Advanced SQL techniques
For simpler batch operations
About this presentation
- Tricks to optimize SQL batch operations
- Presentation of the Numbers table concept
- Presentation of the Calendar table concept
Misusage of computation power
- Get all data from database
- Crunch one entry at a time on local application server
- Apply the result back to the database
Why do a batch process unit by unit?
Problems with this approach?
- Getting all data and sending it to memory (copy)

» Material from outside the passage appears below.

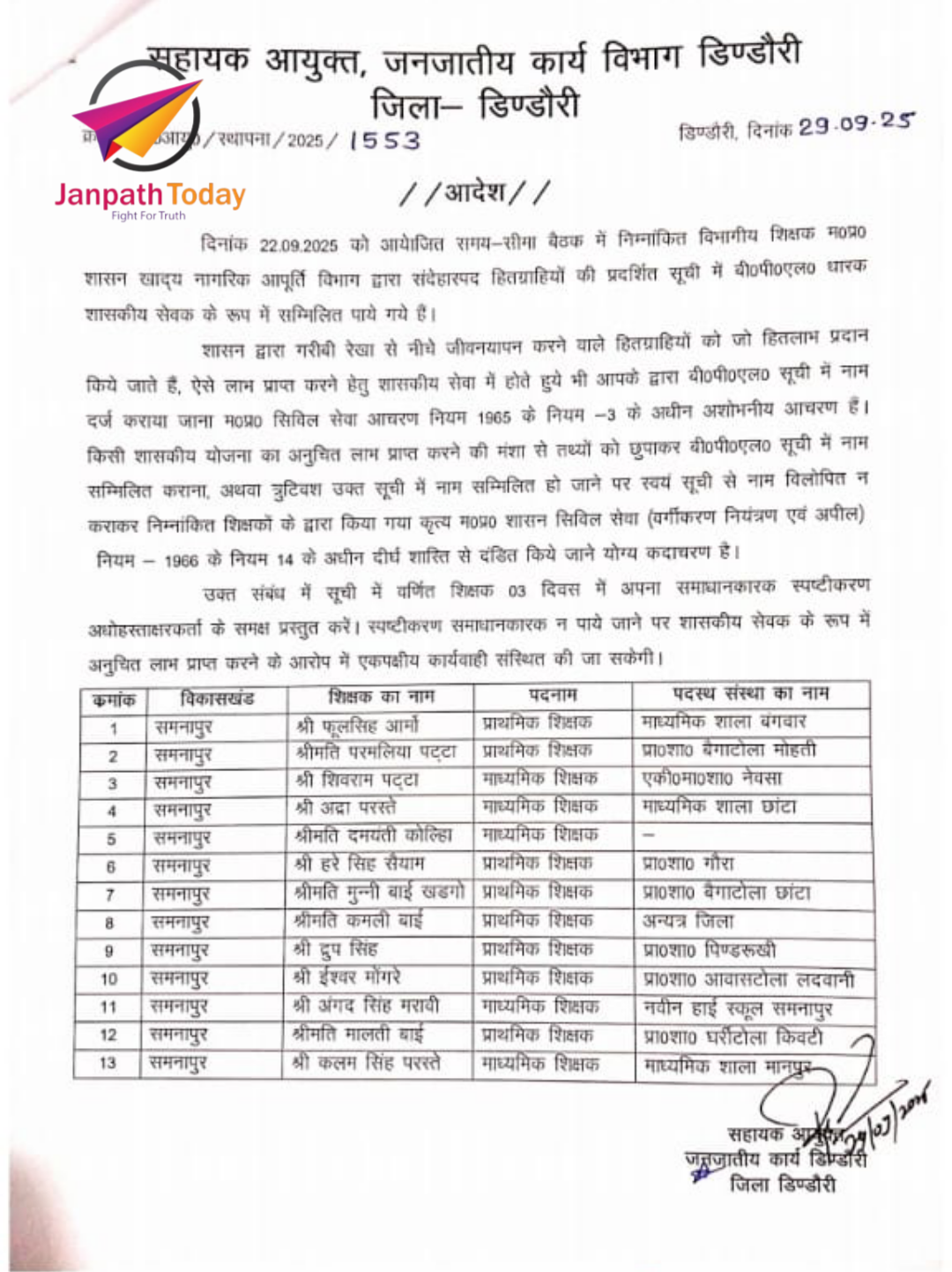 दिनांक 22.09.2025 को आयोजित समय-सीमा बैठक में निम्नांकित विभागीय शिक्षक म०प्र० शासन खाद्य नागरिक आपूर्ति विभाग द्वारा संदेहास्पद हितग्राहियों की प्रदर्शित सूची में बी०पी०एल० धारक शासकीय सेवक के रूप में सम्मिलित पाये गये हैं।
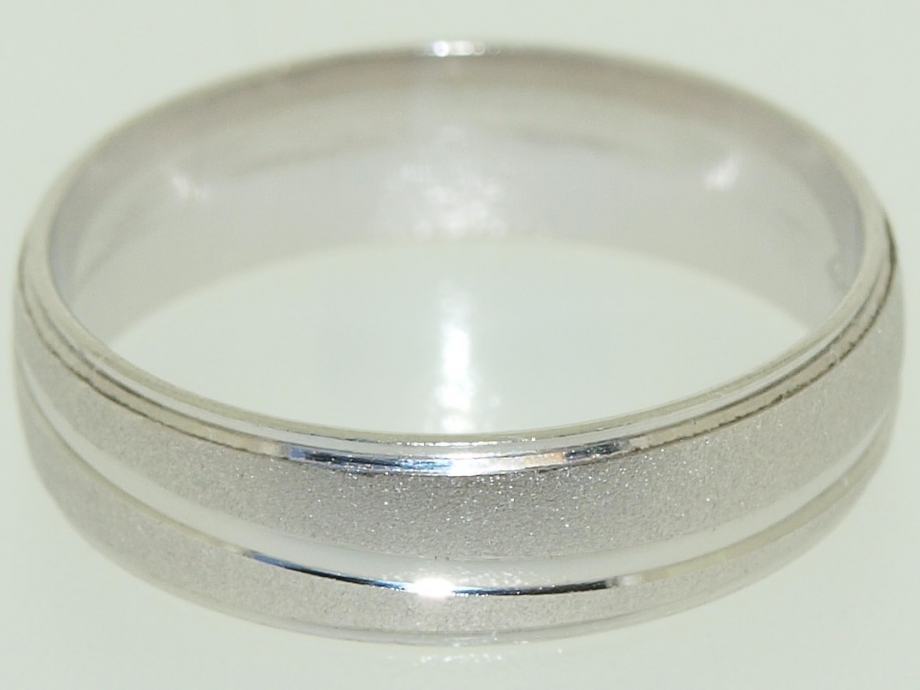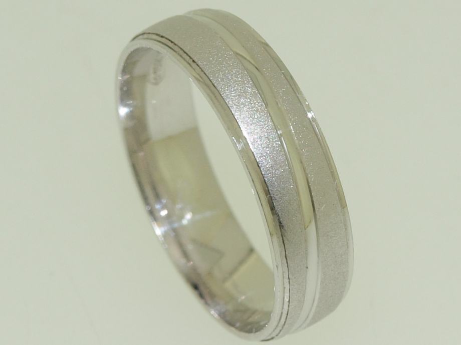 Vjenčani prsten, bijelo 14K zlato, žig 585, lagani bombe (oblo) izvana i iznutra, izvana mat + glat kanali.

- Slower to process each item at once, database is much faster
- Super long to process indexes one entry at a time when pushing results
First trick
The numbers table
What is a numbers table?
- Simple table with one field
- The only field and primary key is auto-incremented
- Contains numbers from 0 to 100 000 or 1 to 100 000
What can you do with it?
- Find missing items in sequences
- Parse collated data into rows
- Duplicate data easily
- And much more
Creating the table
CREATE TABLE hlp_numbers (num INTEGER NOT NULL, PRIMARY KEY(num));
INSERT INTO hlp_numbers VALUES(1);
INSERT INTO hlp_numbers SELECT num + (SELECT MAX(num) FROM hlp_numbers) FROM hlp_numbers;
INSERT INTO hlp_numbers SELECT num + (SELECT MAX(num) FROM hlp_numbers) FROM hlp_numbers;
INSERT INTO hlp_numbers SELECT num + (SELECT MAX(num) FROM hlp_numbers) FROM hlp_numbers;
INSERT INTO hlp_numbers SELECT num + (SELECT MAX(num) FROM hlp_numbers) FROM hlp_numbers;
INSERT INTO hlp_numbers SELECT num + (SELECT MAX(num) FROM hlp_numbers) FROM hlp_numbers;
INSERT INTO hlp_numbers SELECT num + (SELECT MAX(num) FROM hlp_numbers) FROM hlp_numbers;
INSERT INTO hlp_numbers SELECT num + (SELECT MAX(num) FROM hlp_numbers) FROM hlp_numbers;
INSERT INTO hlp_numbers SELECT num + (SELECT MAX(num) FROM hlp_numbers) FROM hlp_numbers;
INSERT INTO hlp_numbers SELECT num + (SELECT MAX(num) FROM hlp_numbers) FROM hlp_numbers;
INSERT INTO hlp_numbers SELECT num + (SELECT MAX(num) FROM hlp_numbers) FROM hlp_numbers;
INSERT INTO hlp_numbers SELECT num + (SELECT MAX(num) FROM hlp_numbers) FROM hlp_numbers;
INSERT INTO hlp_numbers SELECT num + (SELECT MAX(num) FROM hlp_numbers) FROM hlp_numbers;
INSERT INTO hlp_numbers SELECT num + (SELECT MAX(num) FROM hlp_numbers) FROM hlp_numbers;
INSERT INTO hlp_numbers SELECT num + (SELECT MAX(num) FROM hlp_numbers) FROM hlp_numbers;
INSERT INTO hlp_numbers SELECT num + (SELECT MAX(num) FROM hlp_numbers) FROM hlp_numbers;
INSERT INTO hlp_numbers SELECT num + (SELECT MAX(num) FROM hlp_numbers) FROM hlp_numbers;
INSERT INTO hlp_numbers SELECT num + (SELECT MAX(num) FROM hlp_numbers) FROM hlp_numbers;
INSERT INTO hlp_numbers VALUES(0);
DELETE FROM hlp_numbers WHERE num > 100000;
Generating sequences
SELECT * FROM hlp_numbers
WHERE num BETWEEN 1 AND 500 AND num % 5 = 0
Get the 5th numbers between 1 and 500
Yields
5, 10, 15, 20, 25, ...
Generating sequences
SELECT DATE('2015-02-05', '+' || num || ' days') FROM hlp_numbers
WHERE num < 365 AND num % 3 = 0
Get every 3rd day from now until next year
Yields
2015-02-05, 2015-02-08, 2015-02-11, ...
Finding missing items in sequences
SELECT num
FROM hlp_numbers n
LEFT JOIN invoices i ON i.invoice_no = n.num
WHERE i.invoice_no IS NULL
AND n.num BETWEEN
(SELECT MIN(invoice_no) FROM invoices)
AND (SELECT MAX(invoice_no) FROM invoices)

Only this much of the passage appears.